Люси откинулась на спинку дивана, закинула ногу на ногу, скрестила на груди руки и так сидела с четверть минуты, глядя перед собой. Затем рывком поднялась, прошла твердым шагом в прихожую, дала себя одеть и, ни слова не говоря, оставила меня. Через несколько дней она, не прощаясь, уехала.

Еще через две недели я получил от нее необязательное и малосодержательное письмо, на которое ответил в том же духе. В дальнейшем письма от нее приходили регулярно. Летом я уехал, а вернее, сбежал в стройотряд. А еще точнее, воспользовался удобным поводом, чтобы провести каникулы за тридевять земель от ее укоризненных глаз. Осенью мы по ее инициативе возобновили переписку и увиделись только зимой восемьдесят первого. Облик ее и повадки стали еще более изысканными и покрылись прочным налетом северного аристократизма. Я совершенно искренне и громогласно радовался ее новым сияющим граням и сулил ей видные и звонкие перспективы. Она же, как я теперь понимаю, желала лишь одного: прояснить мои виды на наше совместное будущее. Видимо, не прояснила, и через месяц я получил от нее письмо, в котором она сообщала, что собирается замуж за ленинградца и что это ее письмо ко мне последнее. Она желала мне счастья и выражала надежду, что, может быть, когда-нибудь мы свидимся. Письмо заканчивалось словами: "У меня всё".

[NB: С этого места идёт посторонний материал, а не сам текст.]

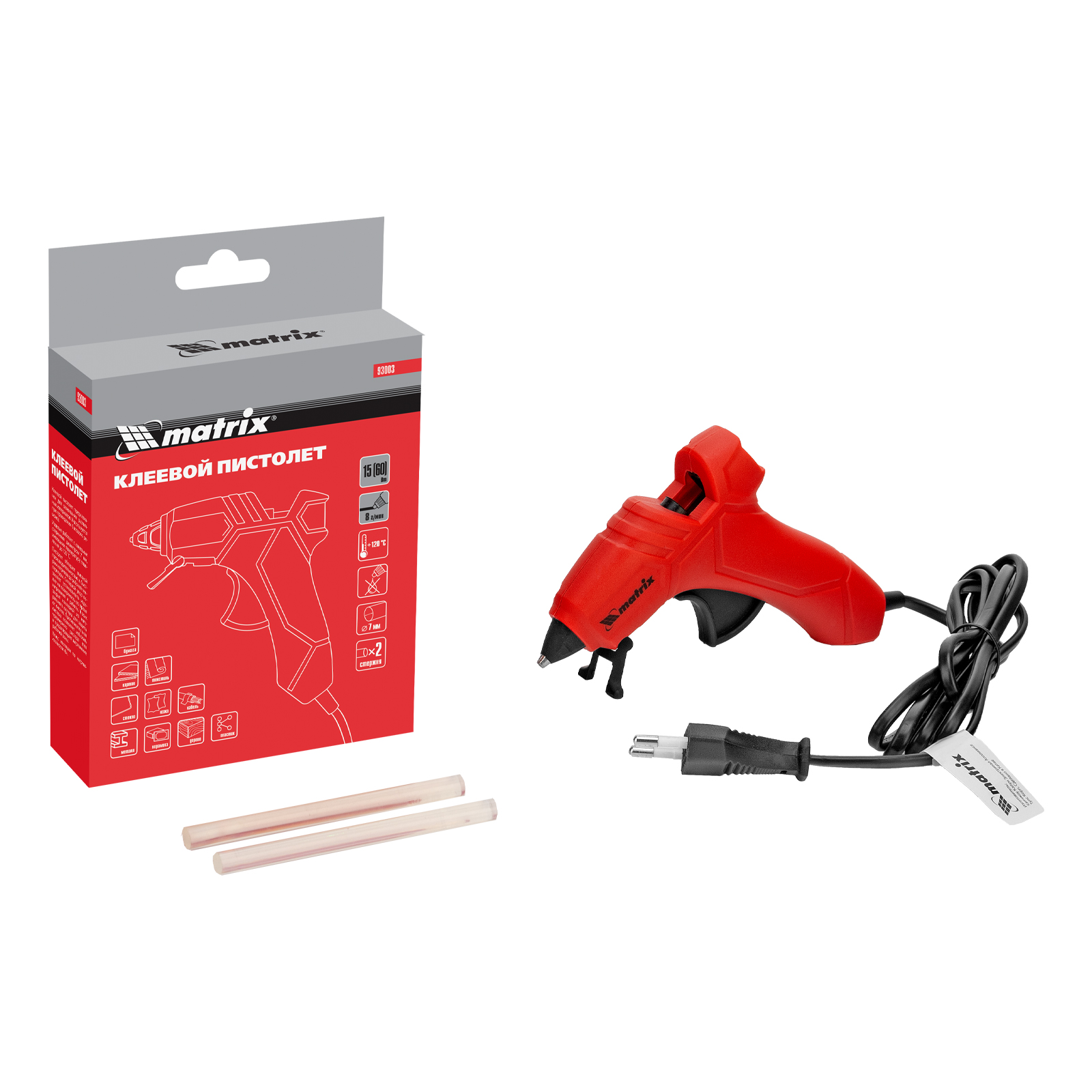 Клеевой пистолет Matrix 93003, 7 мм, используется для бытовых и полупрофессиональных нужд: мелкого ремонта, упаковки товаров, фиксации деталей, создания игрушек и объемных украшений, декорирования и т.д. Инструмент пригодится отделочникам, моделистам и тем, кто занимается хенд-мейдом. Он выдает 8 г клея в минуту.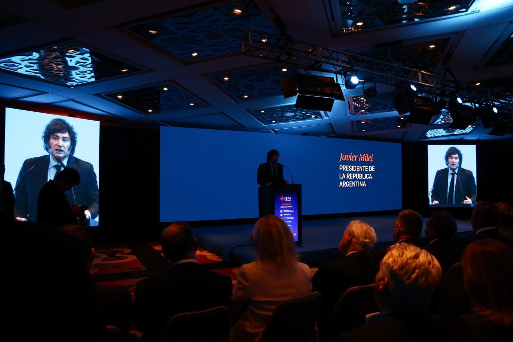 A fines de marzo, el jefe de Estado dio el discurso de cierre del International Economic Forum of the Americas (IEFA Latam Forum), donde también expuso el director del Departamento del Hemisferio Occidental del Fondo Monetario Internacional (FMI) Rodrigo Valdés, nuevo enemigo del Presidente por considerarlo un comunista «del Foro de San Pablo».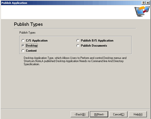Step one: Start the application publishing wizard. < Same with Publish C/S Application >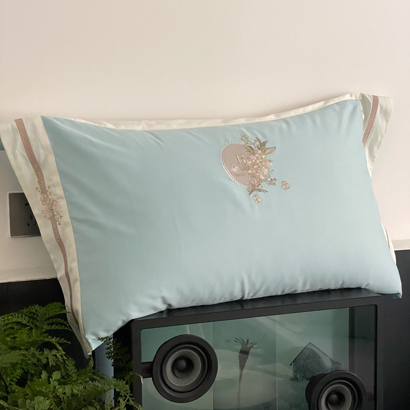 商品名称:馨蕊 2022秋冬新品100支高定全棉刺绣四件套-蜜恋 蜜恋-湖水蓝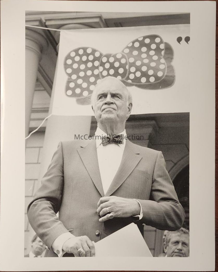 A 1986 press photograph by Alan Kamuda of Gov. G. Mennen Williams at Soapy Williams Day at the Capitol.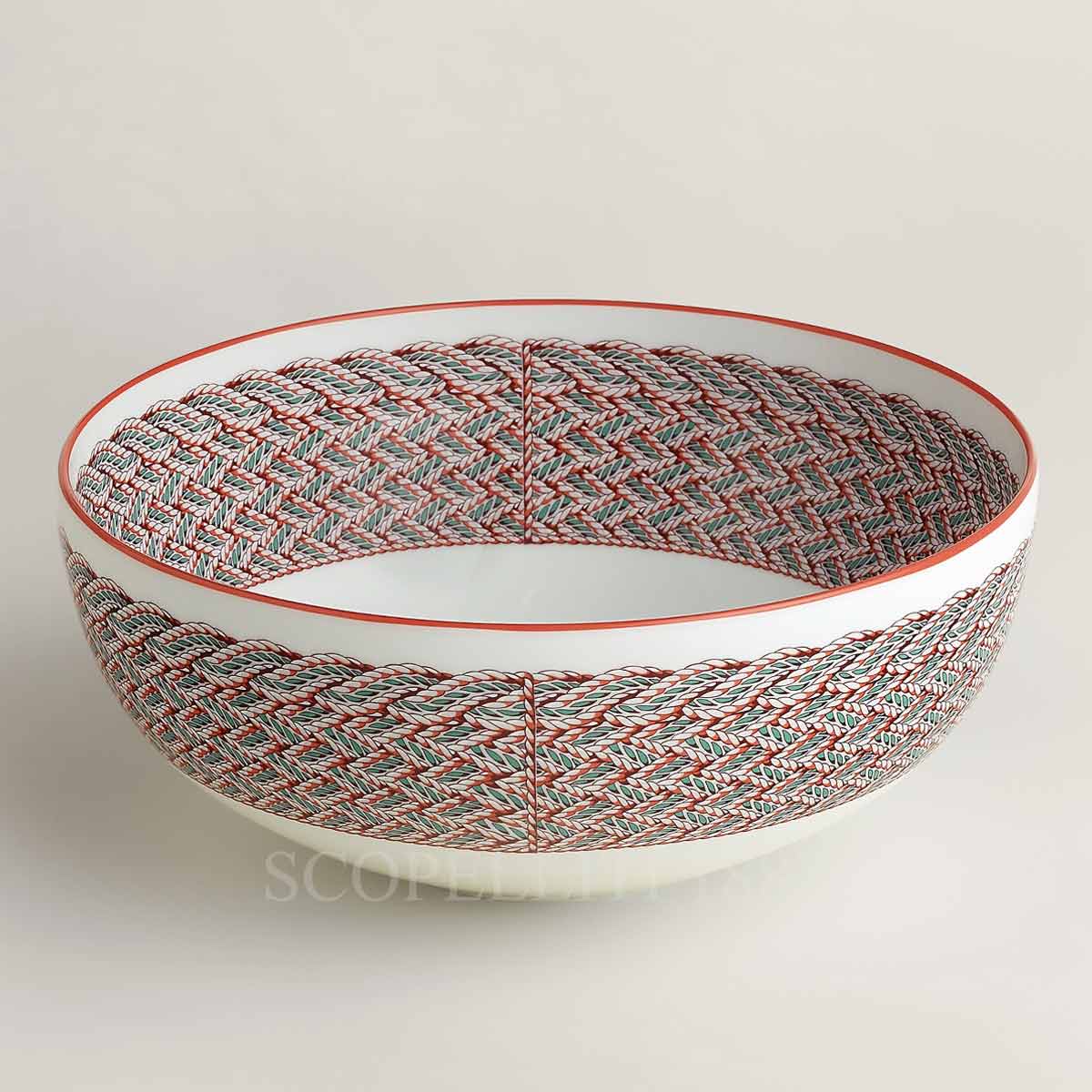 Hermes Salad Bowl Tressages Equestres Medium continues the collection’s signature equestrian-inspired aesthetic, featuring an intricate braided design that mimics finely woven leather. A thin red border outlines the plate, adding a refined and understated elegance. The blend of textures and colors reflects Hermès’ expertise in luxury design, making this piece a sophisticated addition to any dining set. Perfect for complementing the matching dinnerware, this Hermes Salad Bowl Tressages Equestres Medium embodies artistry and functionality.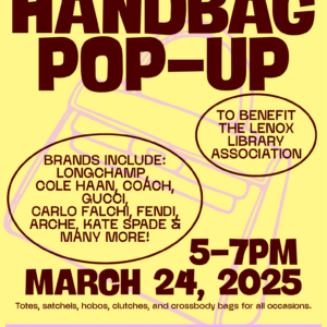 Join us at SALA in West Stockbridge for a special pop-up handbag sale! Proceeds benefit the Lenox Library Association, supporting library programs, materials, and services for our community. Browse a…
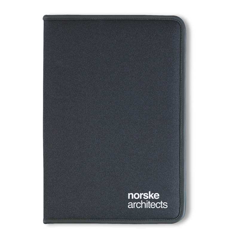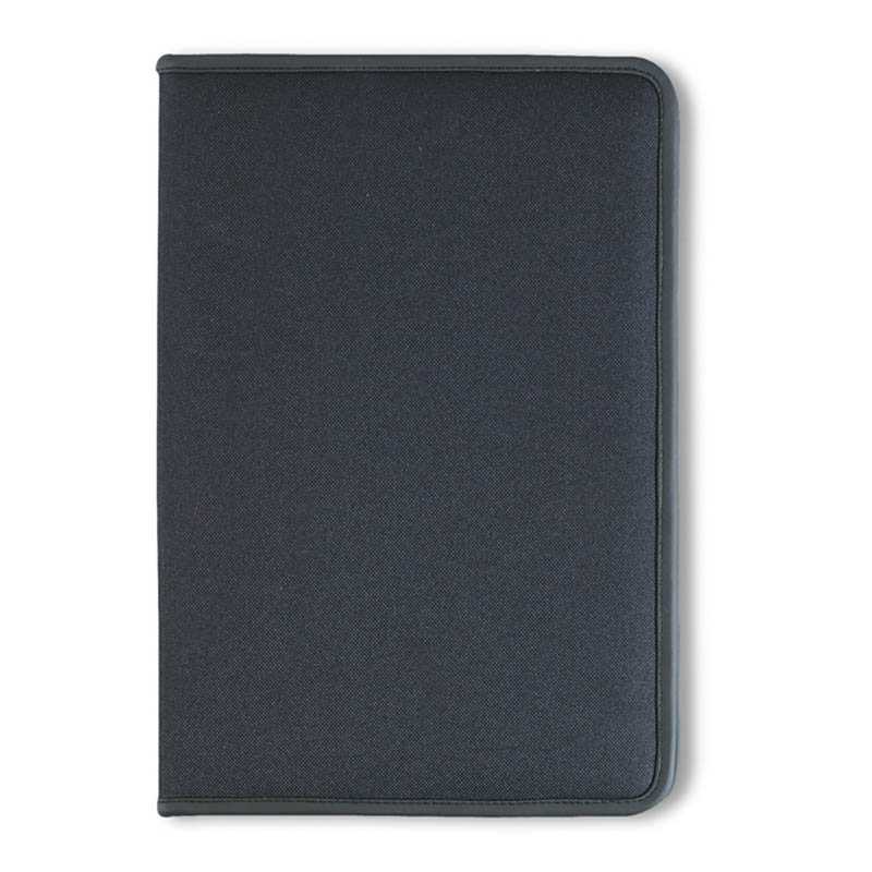 Konferenční A4 desky z polyesteru se zipem. Vnitřní kapsy a držák tužky. Včetně 20ti stránkového linkovaného bloku.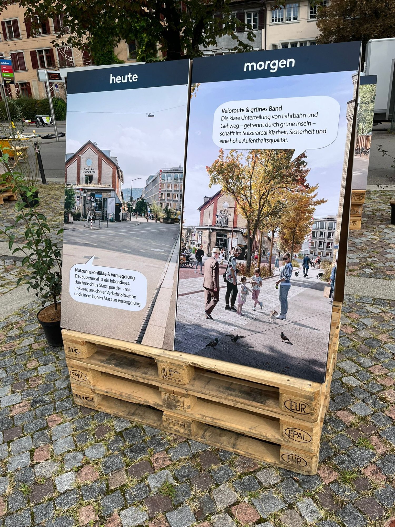 Im Aussenbereich um den Cube fand eine Aussenaustellung der Stadt Winterthur zum Thema "Mobilität im Wandel" statt. Ziel war es, verschiedene Strassensituation in einem Vorher-Nachher-Vergleich zu zeigen. Unsere Aufgabe war es, Vorschläge einzubringen, wie diese Aussenausstellung den Kriterien der Stadt entsprechen kann. Mit den Paletten und Kundenstoppern fanden wir eine nachhaltige, platzsparende, wetterfeste Lösung, die immer wieder eingesetzt werden kann.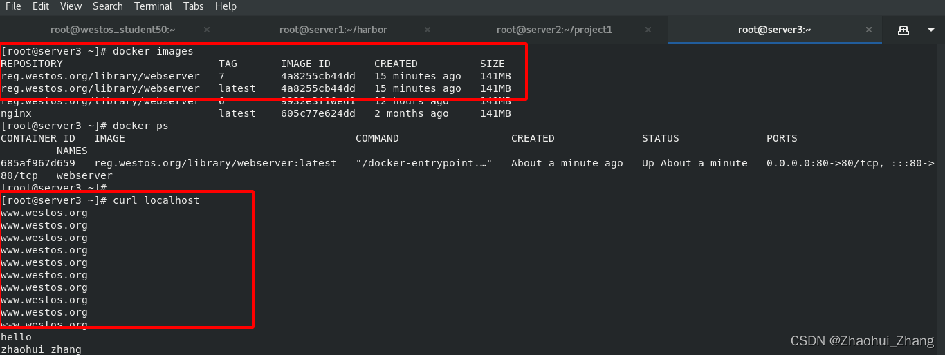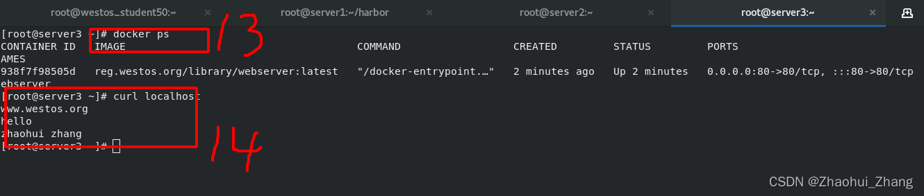 在浏览器访问server4的IP,在server终端查看docker运行情况。都自动构建好了。

Разумеется, я ответил. Ответил в самых изысканных и пожелательных выражениях, борясь с соблазном поглумиться над ее холодным целомудрием, которым она заморозила нежные ростки наших отношений. В конце написал: "Теперь и у меня всё". И как раз тут я сильно ошибался: это был вовсе не конец, а самое что ни есть начало. Недаром Люси в ее положении седьмой пониженной ступени обречена быть родовым признаком грустного и неприкаянного блюзового лада, расстроить который может только смерть.

Не прощаемся с Люси: если след ее протянулся через мою жизнь, значит, он протянулся и через этот роман. Спешу, однако, предупредить, что у меня две жизни: первая – до развода, вторая – после него. Да будет вам известно: Люси – дама пик из первой колоды моего жития.


Ирен


1


Итак, я продолжаю мою исповедь – подчеркнуто гладкую, внятную, связную, без всякой там модернистской, постмодернистской и постпостмодернистской трепанации читательского черепа. Напомню: я по-прежнему пытаюсь проникнуть в онтогенез Любви и если отвлекаюсь, то только затем, чтобы ввести в прицел моего трактата поправки на взросление.

То трудовое лето восьмидесятого обогатило меня двумя достижениями. Во-первых, я научился играть на гитаре. Уникальная, скажу я вам, вещь! В руках опытного музыканта она становится чем-то вроде шестиструнного психотропного манипулятора, позволяющего разблокировать запоры бессознательного, добраться до сокровенного и сформулировать его. По правде говоря, научился играть – слишком сильно сказано: скорее, освоил три аккорда, которых с лихвой хватало, чтобы подыграть злому любовному разочарованию или зайтись в милой русскому сердцу кочевой цыганской тоске, которая, так же как и блюз, есть один из сленгов тоски универсальной. Ибо истоки их одни и те же: несвобода с видом на горизонт. К основным аккордам я со временем добавил еще парочку и с этим арсеналом приобрел прочную репутацию компанейского парня, позволяющую мне сегодня поделиться с начинающими скоморохами главным скоморошьим секретом: в нашем деле главное не аккорды, а чувство.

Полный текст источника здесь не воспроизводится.